■ **Problem**: Set down, exactly as written, the lines from the top of the data to the line that holds "#Creema #コーヒー #イラスト", and omit the pictures.

Collected data
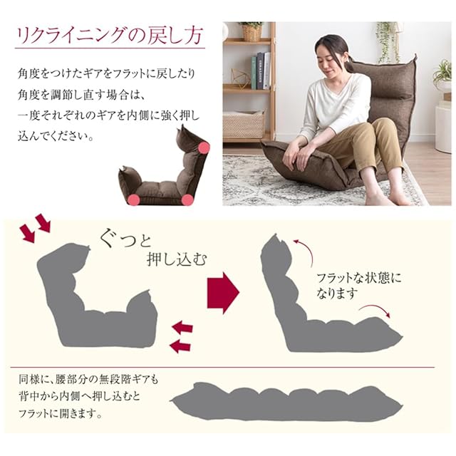 タンスのゲン 座椅子 さらっとオールシーズン快適 ダリアン生地 全面 低反発 14段階 リクライニング チェア 椅子 ダリアンブラウン 65170001(63242)
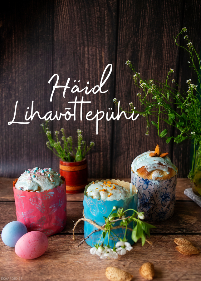 Soovi oma lähedastele rõõmsaid Lihavõttepühi selle kauni kaardiga. Kaardil on kujutatud maitsvad lihavõttekoogid ja õrnad lilled. See on ideaalne Lihavõttekaart.
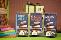 Des chocolats de 70% à 100 % de cacao, une tablette au sirop d’agave des ganaches préparées sans beurre et sans crème pour des chocolats fins et légers aux goûts affirmés (figue, pistache, gingembre, fruits secs). La tradition et le bio pour le plaisir et l’équilibre, chocolat sans lécithine de soja. Du chocolat artisanal.
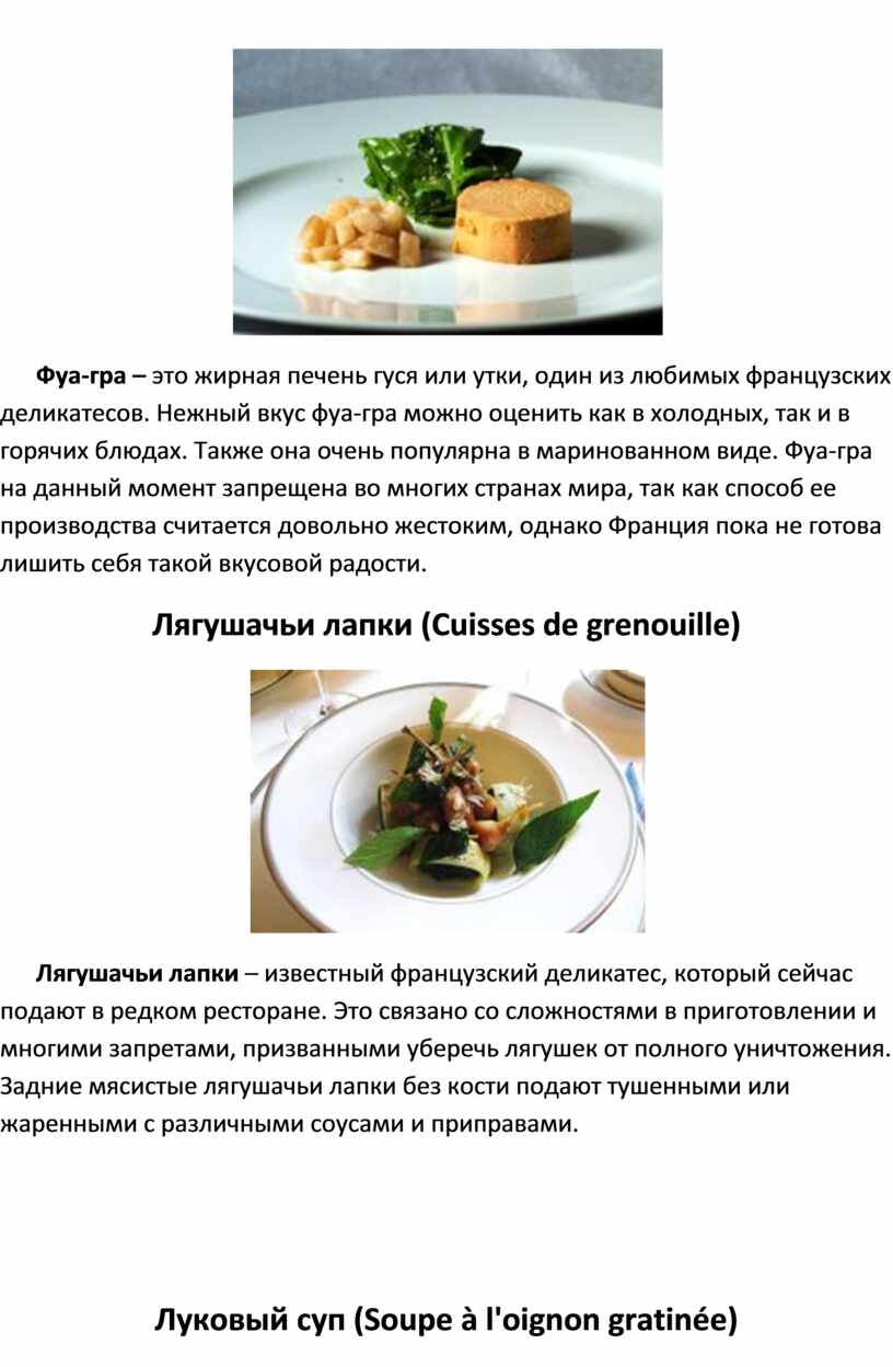 Фуа-гра – это жирная печень гуся или утки, один из любимых французских деликатесов. Нежный вкус фуа-гра можно оценить как в холодных, так и в горячих блюдах. Также она очень популярна в маринованном виде. Фуа-гра на данный момент запрещена во многих странах мира, так как способ ее производства считается довольно жестоким, однако Франция пока не готова лишить себя такой вкусовой радости.
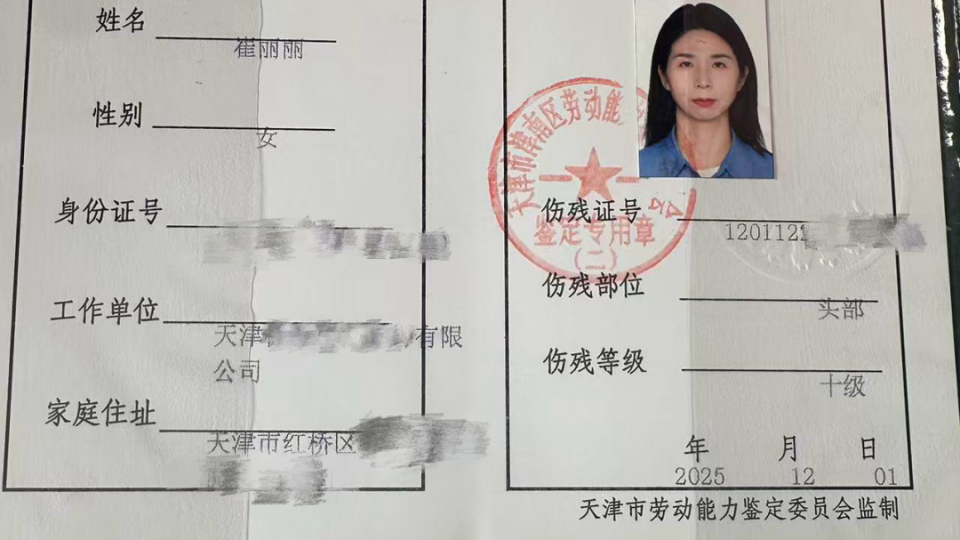 全国首例“职场性侵获工伤认定”案 当事人崔丽丽获工伤伤残证 评定为工伤十级伤残
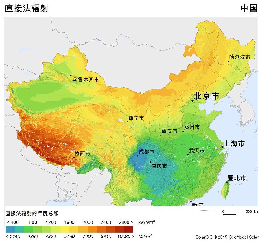 图:中国太阳直接法向辐射DNI分布(Solargis)
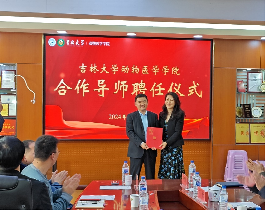 合作导师聘任决定,为天津瑞普生物技术股份有限公司副总裁朱秀同、总经理任培森颁发聘书。
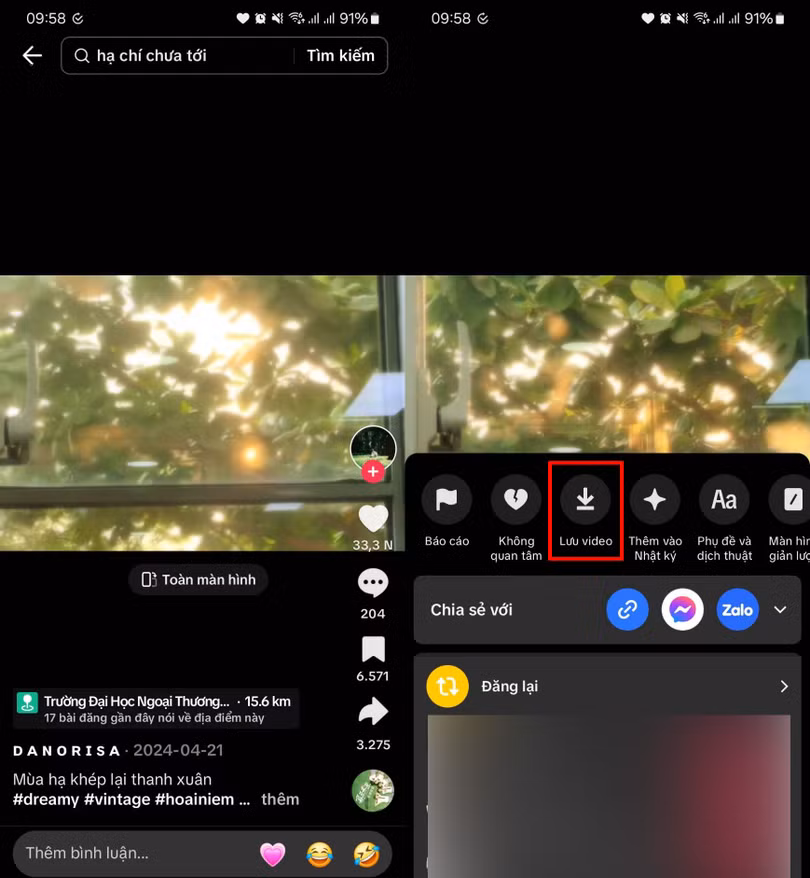 Bước 1:Nhấn giữ vào video TikTok có chứa đoạn nhạc bất kỳ > Chọn Tải về để lưu video về máy.
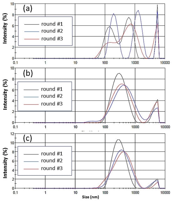 Hydrodynamic particle size in accordance with intensity of the (a) Amlodipine drug supplied by the manufacturer in an acidic medium and (b) Amlodipine drug released from the bulk of the E100/Aml(−) and (c) E100/Aml(+) filaments in an acidic medium. Three rounds of measurements were performed for each sample.
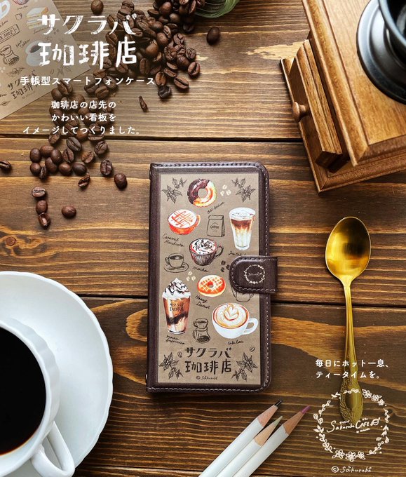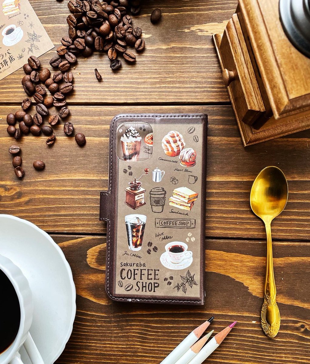 発売中の『サクラバ珈琲店』の手帳型スマホケースをご紹介します☕️ 外側は珈琲店の店先の看板デザインになっており、内側は珈琲店のメニューのようなデザインにしました🍩✨ 是非チェックしてみて下さい! 下記のURLにて販売中👇 creema.jp/creator/3551397 #sakurabaCAFE #Creema #コーヒー #イラスト
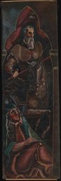 Le porte-lance à cheval et une des Marie assise (lancette de gauche de la Crucifixion)

■ **Written response**:
 タンスのゲン 座椅子 さらっとオールシーズン快適 ダリアン生地 全面 低反発 14段階 リクライニング チェア 椅子 ダリアンブラウン 65170001(63242)
 Soovi oma lähedastele rõõmsaid Lihavõttepühi selle kauni kaardiga. Kaardil on kujutatud maitsvad lihavõttekoogid ja õrnad lilled. See on ideaalne Lihavõttekaart.
 Des chocolats de 70% à 100 % de cacao, une tablette au sirop d’agave des ganaches préparées sans beurre et sans crème pour des chocolats fins et légers aux goûts affirmés (figue, pistache, gingembre, fruits secs). La tradition et le bio pour le plaisir et l’équilibre, chocolat sans lécithine de soja. Du chocolat artisanal.
 Фуа-гра – это жирная печень гуся или утки, один из любимых французских деликатесов. Нежный вкус фуа-гра можно оценить как в холодных, так и в горячих блюдах. Также она очень популярна в маринованном виде. Фуа-гра на данный момент запрещена во многих странах мира, так как способ ее производства считается довольно жестоким, однако Франция пока не готова лишить себя такой вкусовой радости.
 全国首例“职场性侵获工伤认定”案 当事人崔丽丽获工伤伤残证 评定为工伤十级伤残
 图:中国太阳直接法向辐射DNI分布(Solargis)
 合作导师聘任决定,为天津瑞普生物技术股份有限公司副总裁朱秀同、总经理任培森颁发聘书。
 Bước 1:Nhấn giữ vào video TikTok có chứa đoạn nhạc bất kỳ > Chọn Tải về để lưu video về máy.
 Hydrodynamic particle size in accordance with intensity of the (a) Amlodipine drug supplied by the manufacturer in an acidic medium and (b) Amlodipine drug released from the bulk of the E100/Aml(−) and (c) E100/Aml(+) filaments in an acidic medium. Three rounds of measurements were performed for each sample.
 発売中の『サクラバ珈琲店』の手帳型スマホケースをご紹介します☕️ 外側は珈琲店の店先の看板デザインになっており、内側は珈琲店のメニューのようなデザインにしました🍩✨ 是非チェックしてみて下さい! 下記のURLにて販売中👇 creema.jp/creator/3551397 #sakurabaCAFE #Creema #コーヒー #イラスト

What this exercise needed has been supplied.